Any of you guys ever watch the 1985 Romero film Day of the Dead? In the film, they captured and conducted experiments on a domesticated and highly intelligent zombie named "Bub". They gave Bub multiple every day items like razor blades, books, and a telephone to see if he could recognize them and use them correctly. Bub recognized the items, clumsily used the items, and even surprised a soldier who entered the room with a salute when Bub recognized that uniform. Despite all of this of course, Bub was still a zombie, and neither dead nor alive in the conventional sense. 

When it comes to our relationship with God, we aren’t like mindless zombies, or even semi-intelligent zombies like Bub wandering about clumsily attempting to call God on a disconnected phone. When sin entered our world through Adam and Eve, our bodies began to die, but spiritually we died right away. And so, we die as we die. The Ephesians passage makes it clear; we were dead in our sin and trespasses. The trouble with dead people is that, well, that they are dead. Physically dead people aren’t just restricted from doing what the most healthy and alive people struggle to do, they are restricted from doing anything at all. The dead can do nothing at all. 

The spiritually dead, though physically alive, can do nothing at all about their spiritual deadness. They are unable to restore their connection to God and come spiritually alive again. Dead people are completely unable to restore themselves to life. They need someone who lives to bring them back to life. Prior to coming to faith, a person is spiritually dead to God, and has just as much ability to restore their relationship to God as a corpse has the ability to run a marathon. Our physical bodies, though they are slowly dying, are not yet dead. The problem with that is that the flesh is not dead, and it hungers. Not for brains, like Bub, but for sin. Until a person becomes a believer, they feed their flesh, they remain spiritually dead, and sin expedites their physical deaths. 

I mentioned that the passage we read from Ephesians was written to a church made up of both Jewish people and Gentiles. This is important because the Jewish people are being reminded alongside the Gentiles that they were once dead, once followed the passions of their flesh, once were by nature children of wrath, and that they were saved by grace through faith by God. In the early years, it was difficult for the Jewish Christians to fully accept or welcome the Gentiles into the church. Letters like the one sent to the church of Ephesus was written, among other reasons, to unify the believers by demonstrating the even playing field of all before God. Everyone who is saved is saved by identical means. Their good deeds, their charity, their obedience to commandments, how often or how long they fast, how large their tithe is, their job, their wealth, their possessions, and how often they choose to pray has no bearing whatsoever on their salvation. If anyone is saved, they are saved for the same reason as all the rest who are saved: God’s grace.
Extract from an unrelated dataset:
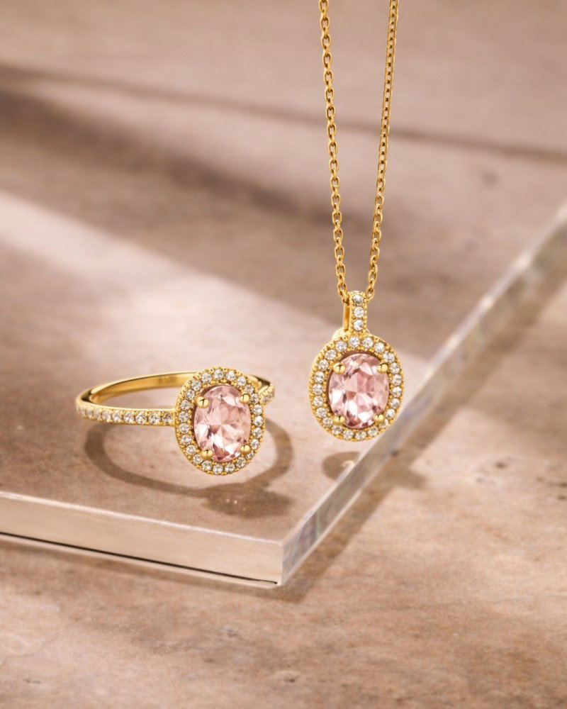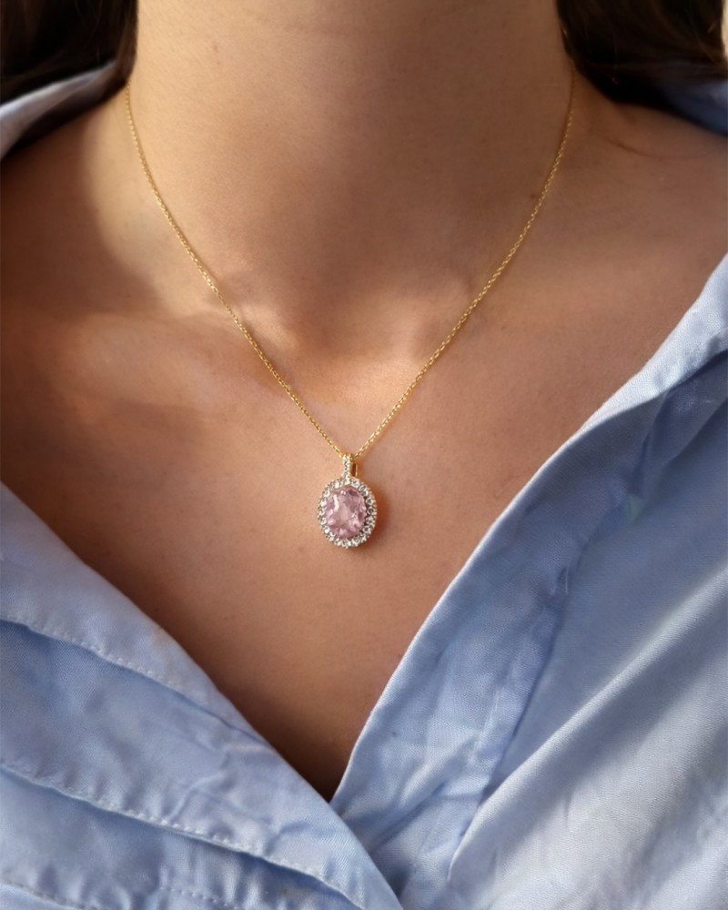 Collier geelgoud morganiet + briljant

 It’s the same today. Every single person has sinned, is spiritually dead, can’t resurrect themselves, and will continue to feed their flesh and expedite their physical deaths. Just as neither the Jewish person nor the Gentile person could not claim to earn their salvation by their works, no Christian today should think that they can earn their salvation by outweighing their sinful deeds with righteous ones. Salvation can only be received as gift from God through faith in Jesus Christ. If any Christian acts superior to another Christian, or displeased when someone they dislike receives salvation, then they have forgotten that their own salvation was a gift from God they could never earn.   
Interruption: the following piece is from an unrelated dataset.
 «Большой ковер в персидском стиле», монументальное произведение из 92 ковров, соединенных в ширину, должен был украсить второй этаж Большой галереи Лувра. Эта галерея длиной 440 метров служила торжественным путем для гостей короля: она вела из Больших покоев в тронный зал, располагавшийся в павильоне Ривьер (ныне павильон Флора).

Unlike every other religion, where people work their way up to God, Christianity teaches that God came down to us. Christianity is the up-side down religion. In every other religion, you work way up to God and Heaven. In Christianity, God comes down from His Kingdom, God does the work to save man, and man receives his salvation by faith. Oh yes, the Christian has commandments to follow, but God’s Spirit lives in him and empowers him to do what’s commanded. Christians obey not to gain salvation, but because they have already received it.  

Do you remember that I said that Satan doesn’t need to override our will in order to do as he wishes? Well, listen carefully to what I say next. Sin has thoroughly damaged us and created many access points for Satan to manipulate.

Total Depravity Granting Greater Access to Us

It’s time to discuss a bit of reformed theology to help us understand how the flesh gives Satan greater ability to manipulate us. Total depravity refers to the idea that sin has affected every part of humanity. Our mind, our physical bodies, our desires, our affections, and our spirits. Imagine yourself as a grid on a sheet of paper, with one hundred little white squares. Now imagine sin as an inky blob. When mankind fell into sin, it was as if an inky blob was placed in each of the 100 squares. Those 100 squares aren’t filled with inky blobs, but there isn’t a single square that is free of the inky blob. That’s the concept of total depravity in a nutshell. Now before I get buried beneath hate mail, in saying that mankind has become totally depraved, we are not saying that mankind is unable to do good moral things. All that it means is that sin, like the inky blobs in each of your 100 squares, affects every single part of you. 

Earlier I told you that before we sinned, Satan was limited to trying to steal from us, destroy us, and kill us from the outside, but once we did the door was swung open for him to begin doing the same things but from within us. 

Our sin nature, which from here on I will refer to simply as “the flesh”, predisposes us to sin. The flesh, makes sin attractive to us, and the more we sin, the greater that attraction grows. 

But continually committing sin is like drinking saltwater; our thirst increases with every drink, and in the end we die of dehydration. Physically speaking, death by dehydration takes several days, and the process is ghastly. Your kidneys try to reabsorb water from your urine first, and when that isn’t enough to keep you going, your body will try to draw water from other organs to maintain blood pressure. Your outer appearance wastes away beginning with your eyes, your lips shrivel away completely, your skin blackens and dries out, your tongue shrivels up in your mouth. Finally, in a last ditch attempt to keep you alive, water is drawn from the brain, it shrivels up, and you die.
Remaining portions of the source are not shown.